Action item :: Starting at the line that contains "Kurangnya pelaporan tangkapan", copy every line through the end of the records below exactly as written, leaving out pictures.

Items listed in a dataset

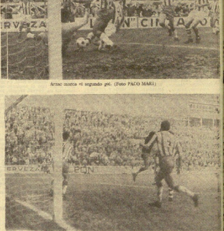
Omnia qui veniunt convigunt per Urquiza.

El partido comenzó con un saque de Arcaz, que envió el balón al campo de los granadinos. Los jugadores de la Real Sociedad se defendieron bien, pero en el minuto 10, Urdaitz marcó el primer gol de la tarde. En el minuto 15, Arcaz marcó el segundo gol, y en el minuto 20, Urdaitz marcó el tercer gol. Los jugadores de la Real Sociedad se defendieron bien, pero en el minuto 25, Mendiburu marcó el cuarto gol. En el minuto 30, Arcaz marcó el quinto gol. El partido terminó con victoria del Deportivo Alavés, por el campeonato de Galicia, y el Real Sociedad, por el campeonato de Euzkadi.
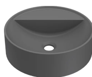
BDPUT40RGR DGR 8031873764203
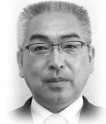
池上 滝一 議員
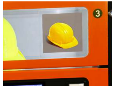
Pochette avec image personnalisable du produit contenu dans le rangement.
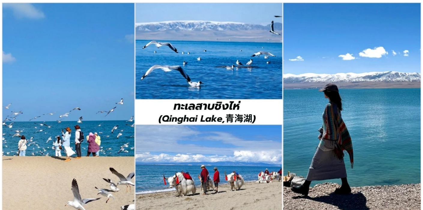
ทะเลสาบชิงไห่ (Qinghai Lake, 青海湖)

นำท่านเดินทางสู่ ทะเลสาบชิงไห่ ใช้เวลาเดินทางประมาณ 2 ชั่วโมง จากนั้นนำท่านชม ทะเลสาบชิงไห่ (Qinghai Lake, 青海湖) ที่ขึ้นชื่อว่าเป็นทะเลสาบน้ำเค็มที่ใหญ่ที่สุดในประเทศจีนและยังใหญ่เป็นอันดับต้นๆของเอเชีย โดยมีพื้นที่ประมาณ 4,657 ตารางกิโลเมตร ตั้งอยู่บนที่ราบสูงชิงไห่-ทิเบตที่มีความสูงเหนือระดับน้ำทะเลประมาณ 3,196-3,200 เมตร ที่ตั้งของทะเลสาบแห่งนี้ได้ถูกรายล้อมไปด้วยเทือกเขาทั้งหมด 4 ลูกด้วยกัน ได้แก่ เทือกเขาตังก Datong Mountain อยู่ทางทิศเหนือ, เทือกเขารี่เยว่ Riyue Mountain อยู่ทางทิศตะวันออก, เทือกเขาชิงไห่หนานซาน Qinghai Nanshan Mountain อยู่ทางทิศใต้, เทือกเขาเซียงฝี่ Xiangpi Mountain อยู่ทางทิศตะวันตก ชาวมองโกลเรียกทะเลสาบแห่งนี้ว่า คุกุ นอร์ (Kökö Noor) ชาวทิเบตเรียกทะเลสาบแห่งนี้ว่า โซ กอนโป (Tso Ngonpo) แต่ทั้งสองชื่อเรียกนี้ต่างก็มีความหมายว่า ทะเลสาบสีฟ้า แดงที่นี้ยังถือเป็นสถานที่ศักดิ์สิทธิ์ในพระพุทธ
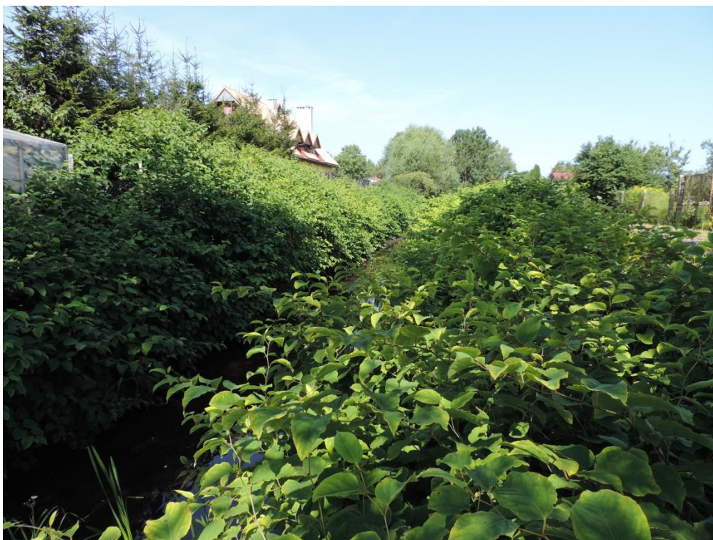
Fot. 7. Rdestowiec krótkokończysty nad Kanałem Drzewnym
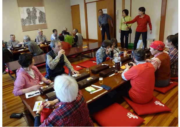
ワイン、ビール、差し入れの濁り酒(どぶろく)と盛り沢山のお酒で皆さん大満足でした
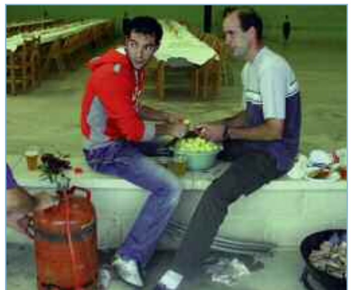
Arriba, representación local en la prueba de Goitibeheras organizada por “Mendienarteko Elkarte” en 2007. Debajo, concurso de caldeteros el día de la inauguración de la sociedad. mendienarteko.org

idea es que sean los sábados de verano, en la sala de proyecciones del Ayuntamiento, en Salinas).
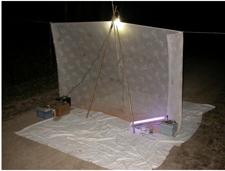
Drap lumineux (A. Guyonnet)
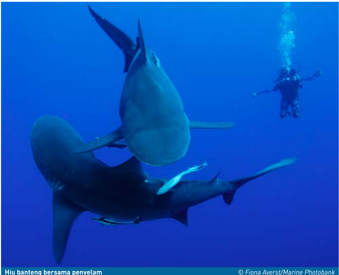
Hiu banteng bersama penyelam

Kurangnya pelaporan tangkapan hiu per spesies adalah rintangan yang sangat besar untuk evaluasi dan konservasi populasi hiu di seluruh dunia.
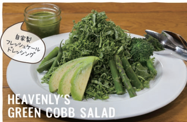
HEAVENLY'S GREEN COBB SALAD

バッファロー・チキンウィング 5P 800 (税込880) Buffalo Chicken Wings ●BBQソース / ●HOTチリソース BBQ Sauce / Spicy Hot Sauce
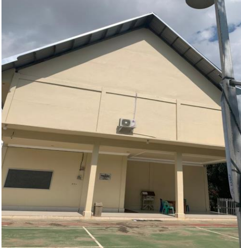
Gambar 1. Gereja Methodist
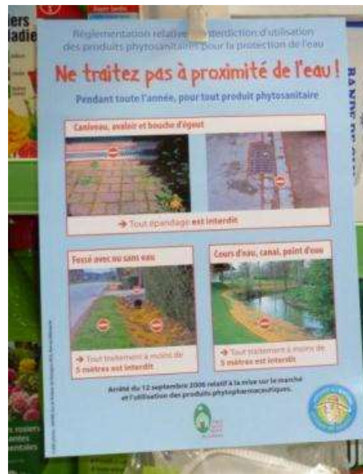
Affiches « opération » « magasin » et affiche réglementation
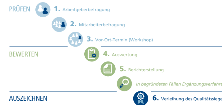
Abbildung: Ablauf des Prüfverfahrens

dauert zwischen ein paar Wochen und vier Monaten. In dieser Zeit kann der Geschäftsbetrieb ungestört weitergehen.
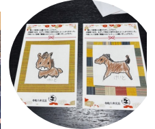
年賀状も日本文化。賛助会員の皆さま届きましたか?
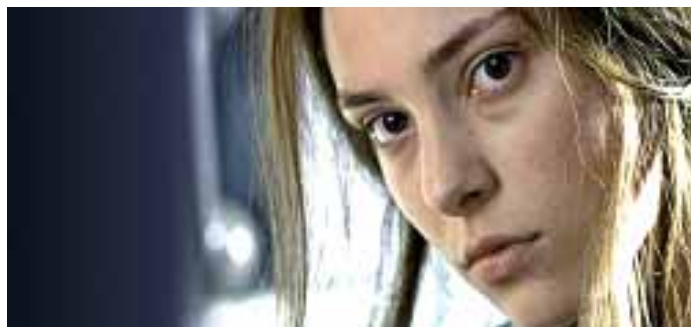
Da/Aus La meglio gioventù

tori italiani contemporanei sono più che mai creativi e produttivi, dall'altra solo pochissimi dei loro film trovano un distributore tedesco e riscuotono così poca eco nel paese. Tra le poche eccezioni si annoverano Pane e Tulipani („Brot und Tulpen“) di Silvio Soldini, che ha riscosso per giunta un notevole successo, e film passati invece piuttosto in sordina come Fuori dal mondo („Nicht von dieser Welt“) di Giuseppe Piccioni, La stanza del figlio („Das Zimmer meines Sohnes“) di Nanni Moretti, Le fate ignoranti („Die Ahnungslosen“) di Ferzan Ozpetec e Respiro di Emanuele Crialeses, uscito in Germania con il titolo „Lampedusa“. Non ci resta che augurare ampi consensi a I cen-

Response area ::
Kurangnya pelaporan tangkapan hiu per spesies adalah rintangan yang sangat besar untuk evaluasi dan konservasi populasi hiu di seluruh dunia.
HEAVENLY'S GREEN COBB SALAD

バッファロー・チキンウィング 5P 800 (税込880) Buffalo Chicken Wings ●BBQソース / ●HOTチリソース BBQ Sauce / Spicy Hot Sauce
Gambar 1. Gereja Methodist
Affiches « opération » « magasin » et affiche réglementation
Abbildung: Ablauf des Prüfverfahrens

dauert zwischen ein paar Wochen und vier Monaten. In dieser Zeit kann der Geschäftsbetrieb ungestört weitergehen.
年賀状も日本文化。賛助会員の皆さま届きましたか?
Da/Aus La meglio gioventù

tori italiani contemporanei sono più che mai creativi e produttivi, dall'altra solo pochissimi dei loro film trovano un distributore tedesco e riscuotono così poca eco nel paese. Tra le poche eccezioni si annoverano Pane e Tulipani („Brot und Tulpen“) di Silvio Soldini, che ha riscosso per giunta un notevole successo, e film passati invece piuttosto in sordina come Fuori dal mondo („Nicht von dieser Welt“) di Giuseppe Piccioni, La stanza del figlio („Das Zimmer meines Sohnes“) di Nanni Moretti, Le fate ignoranti („Die Ahnungslosen“) di Ferzan Ozpetec e Respiro di Emanuele Crialeses, uscito in Germania con il titolo „Lampedusa“. Non ci resta che augurare ampi consensi a I cen-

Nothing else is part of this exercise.